Friday 5 April 2013

Journalism Fundamentals

This week in our journalism lecture we looked at some writing fundamentals. Marie talked about information attribution and the dangers using anonymous sources and discussed the nuts and bolts things such as spelling, punctuation and grammar. 

In their book 'Blur: How To Know What's True In The Age Of Information Overload',  authors Bill Kovach and Tom Rosenthiel tell a wonderful story about a journalist named Homer Bigart. During military press briefings in Vietnam, Bigart would ask countless seemingly dumb questions before going out with military units into the field. Other less experienced journalists would return to Saigon and file stories recounting the official version of the events, but Bigart's stories were different. The answers to his seemingly dumb questions, now on record, along with his own eyewitness accounts enabled him to refute the official line on how the war was progressing. The book quotes Pulitzer Prize winning journalist David Halberstam who described Bigart's style as "portable ignorance" and William Prochnau, who said of Bigart, "He shows up knowing little and then finds out everything".
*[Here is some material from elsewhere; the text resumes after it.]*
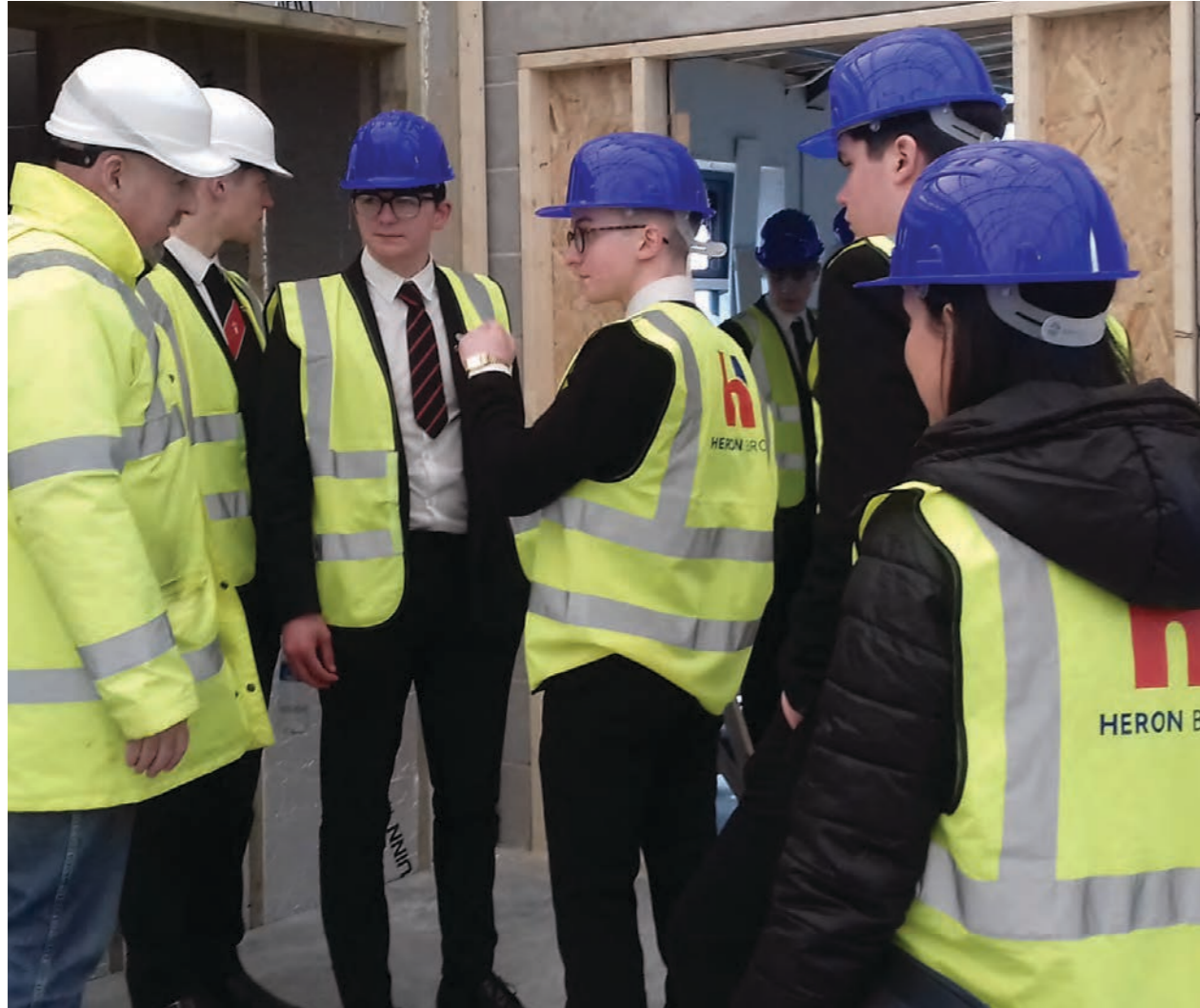
Careers trip to the new Ards and North Down Borough Council Leisure Centre site

In their book "All The President's Men", Carl Bernstein and Bob Woodward detail the tremendous difficulties they had using anonymous sources in their investigation of the Watergate Scandal. Unless two independent sources confirmed their information, they wouldn't use the material.

We also looked at a video called Caine's Arcade and had to write a story using the inverted pyramid style, where all the pertinent information of who, what, when, where, why and how is contained in the first few lines. After 17 years as a paramedic, figuring out what to write in a short report isn't usually too much of a drama, however in our tutorial, we had to interview a classmate and write a 500 word article based on that interview. What I've discovered is that knowing what to ask in an interview when you don't have time to prepare is difficult.  In the ambulance service I had a safety net, we ask standard questions for each type of case. If you attend a patient who's had a fit, then you'd want to ask how long the fit went for, what it looked like, what happened before, what happened afterwards. Someone who's had a fall gets questioned about being knocked out, do they have dizziness or neck pain? For a patient with chest pain, you'd ask a different set of questions. What I'm finding now is that I often don't have a clue what to ask someone now it's not ambulance related. Until I gain some experience, maybe I can specialise and be an on-scene car crash reporter?